= Chicago Franchise Systems, Inc. =

American restaurant company

Chicago Franchise Systems, Inc., operates Italian-based Chicago-style restaurants in Illinois, Georgia, North Carolina, and Missouri which specialize in Chicago-style cuisine. They have operated since 1990, when they took over the popular Nancy's Pizza chain of pizzerias. Nancy's itself was started in 1971 by Nancy and Rocco Palese. CFS, Inc. operates as a franchisor for Nancy's Pizzerias.

==Nancy's Pizza==
The first Nancy's Pizza restaurant was opened by Italian Americans Nancy (born Annunziata Scarano) and her husband Rocco Palese in 1974. The Palese family opened and later sold multiple restaurants with different names between 1971 and 1973, before eventually settling on Nancy's Pizza on W. Lawrence Ave. A journalist for the Chicago Sun-Times claims Nancy's Pizza invented the Chicago-style stuffed pizza, but this is disputed.

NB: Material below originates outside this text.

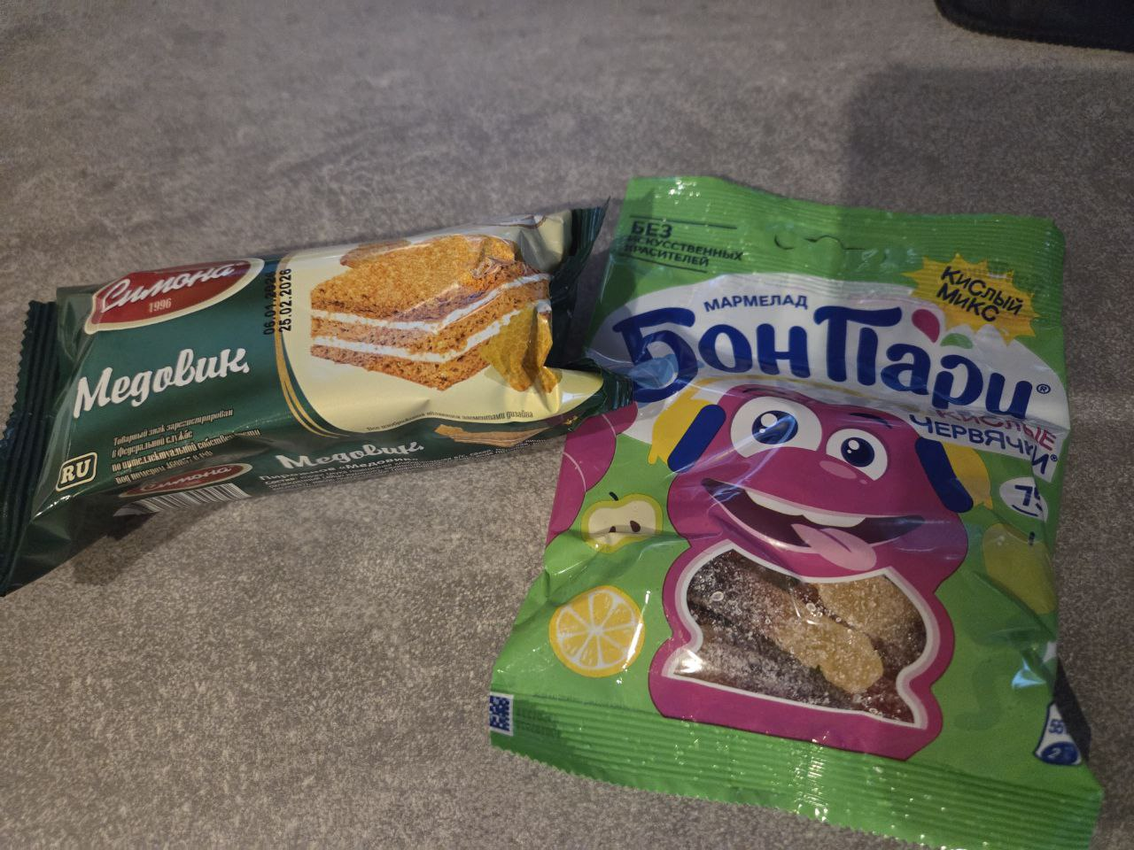 блиииин я короче посмотрелу фирму медовика и поймала себя на мысле что у нас в москве таких не видела погуглила эта фирма медовиков продается в красном и белом выходит что малышок ходил за алкашкой и купил нам червячков и пирожное там

Nancy and Rocco Palese, both hailing from Potenza, Basilicata, had lived most of their adult lives in Turin, before immigrating with their three children to the United States in 1969. After 18 months in Chicago, Nancy and Rocco opened their first pizza parlor, Guy's Pizza, featuring a popular thin crust pizza. In 1971 friends tried to get the Paleses to experiment with pan pizza. Rather than imitate others, Rocco decided to invent his own pizza, modeled after his family’s recipe for "scarciedda," an Easter specialty cake from his native region, Basilicata, and called his new invention Stuffed Pizza.

In 1974, Rocco and Nancy opened the first Nancy's location in Harwood Heights, Illinois, which could seat only 35 people. Three years later, they opened the first location in Chicago. In 1990, the Palese family sold the name Nancy’s Pizza and all development rights to Dave Howey, the president of Chicago Franchise Systems, Inc., who had been a licensee of the Paleses since 1977. Today, there are 16 Nancy's locations in Illinois, as well as three in the Atlanta, Georgia, area, one in O'Fallon, Missouri, and one in Raleigh, North Carolina.